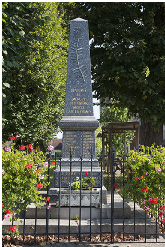
Le monument aux morts.
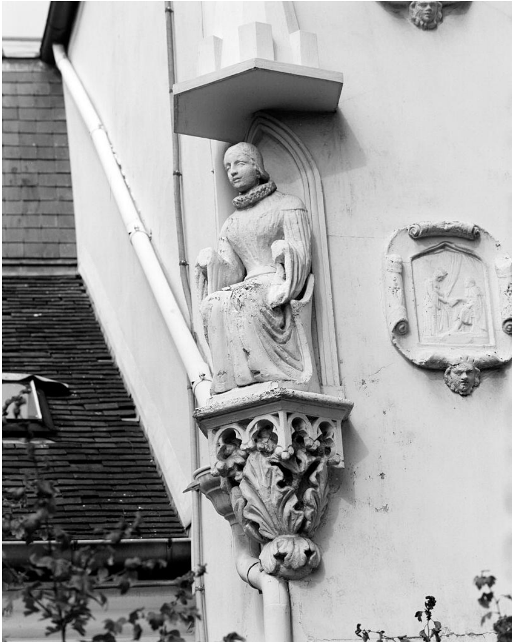
Détail d'une sculpture en haut-relief à l'angle de la façade.
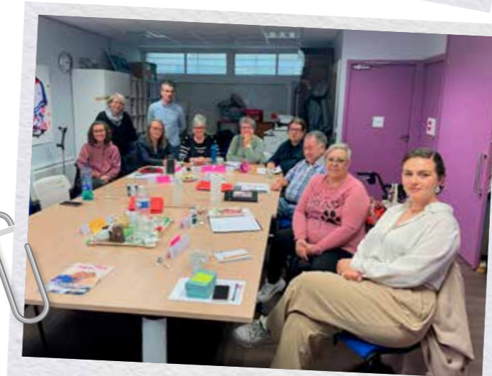
Formation APF France handicap en parler
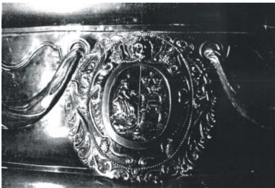
Escudo de la Universidad de San Marcos

los grados que confería la Universidad y su altar estaba al cuidado de los sanmarquinos 14 .
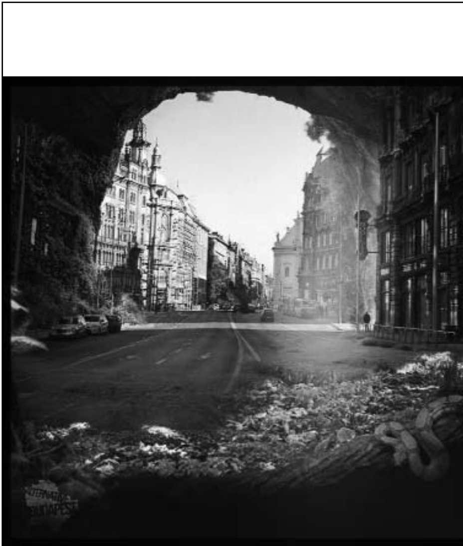
Dzsungel a Ferenciek terén
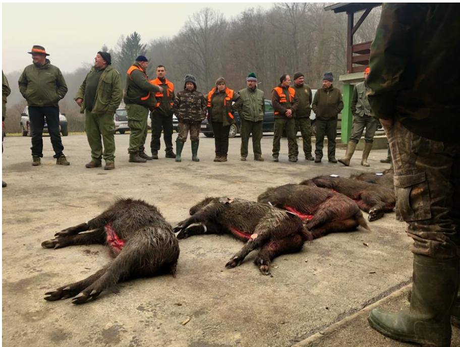
Slika 1. „Štreka“ ispred lovačkog doma „Vepar“ Slatina

U istraživanje su bile uključene odrasle jedinke divlje svinje usmrćene lovom prigonom ili lovom s čeke. Za vrijeme trajanja prigonskog lova u lovačkoj udruzi „Vepar“ Slatina odstrijeljen je dovoljan broj jedinki te je u istraživanje uključeno 11 odabranih jedinki odstrijeljenih tim načinom lova. Uzorci mesa divljih svinja usmrćenih prigonskim lovom prikupljeni su u siječnju 2020., dok su uzorci mesa divljih svinja ulovljenih lovom s čeke prikupljeni u razdoblju od ožujka do prosinca iste godine. Uzorke su osigurali lovci lovačke udruge Slatina i Gornji Miholjac.
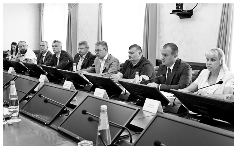
На Ставрополье планируется строительство инновационного лабораторного комплекса.

- Ставропольский край заинтересован в развитии, а развития без инвестиций быть не может. С группой компаний «Ташир» мы планируем реализацию проектов не только в сфере медицины, но и в ЖКХ. Перспективными направлениями являются
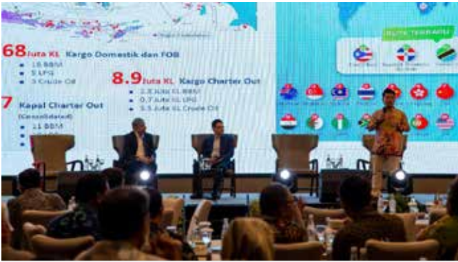
Para pembicara HSSE Forum berbagi pengetahuan kepada peserta.
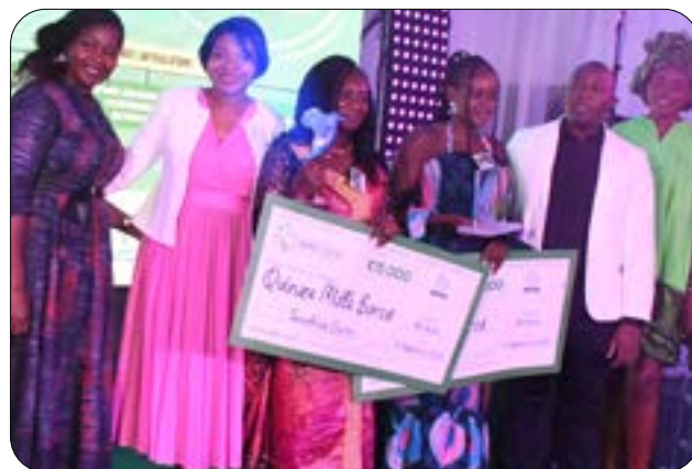
Team Burkina Faso
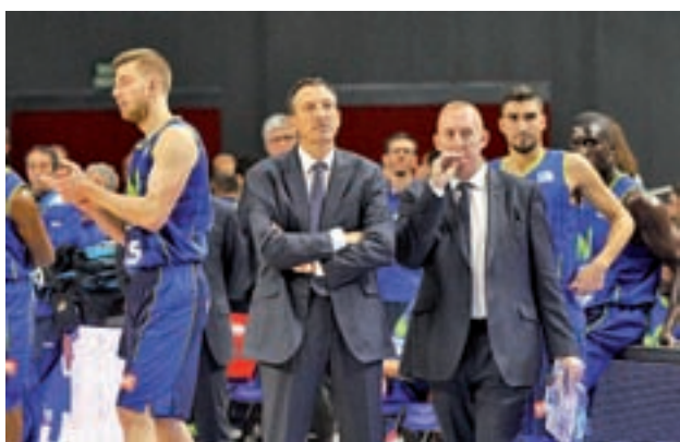
El Estudiantes, ante un calendario duro

Al cierre de esta edición se desconocía si la medida también se extrapolaba a la situación del Atlético de Madrid. A la espera de ello, otro club español, el FC Barcelona estudia la razón por la que el TAS ha fallado en favor del Real Madrid, en contraposición a la sentencia que impidió al club azulgrana realizar fichajes.

┄┄┄┄┄┄

Retype the listing above exactly, please. Pictures do not belong in the copy.

Le monument aux morts.
Détail d'une sculpture en haut-relief à l'angle de la façade.
Formation APF France handicap en parler
Escudo de la Universidad de San Marcos

los grados que confería la Universidad y su altar estaba al cuidado de los sanmarquinos 14 .
Dzsungel a Ferenciek terén
Slika 1. „Štreka“ ispred lovačkog doma „Vepar“ Slatina

U istraživanje su bile uključene odrasle jedinke divlje svinje usmrćene lovom prigonom ili lovom s čeke. Za vrijeme trajanja prigonskog lova u lovačkoj udruzi „Vepar“ Slatina odstrijeljen je dovoljan broj jedinki te je u istraživanje uključeno 11 odabranih jedinki odstrijeljenih tim načinom lova. Uzorci mesa divljih svinja usmrćenih prigonskim lovom prikupljeni su u siječnju 2020., dok su uzorci mesa divljih svinja ulovljenih lovom s čeke prikupljeni u razdoblju od ožujka do prosinca iste godine. Uzorke su osigurali lovci lovačke udruge Slatina i Gornji Miholjac.
На Ставрополье планируется строительство инновационного лабораторного комплекса.

- Ставропольский край заинтересован в развитии, а развития без инвестиций быть не может. С группой компаний «Ташир» мы планируем реализацию проектов не только в сфере медицины, но и в ЖКХ. Перспективными направлениями являются
Para pembicara HSSE Forum berbagi pengetahuan kepada peserta.
Team Burkina Faso
El Estudiantes, ante un calendario duro

Al cierre de esta edición se desconocía si la medida también se extrapolaba a la situación del Atlético de Madrid. A la espera de ello, otro club español, el FC Barcelona estudia la razón por la que el TAS ha fallado en favor del Real Madrid, en contraposición a la sentencia que impidió al club azulgrana realizar fichajes.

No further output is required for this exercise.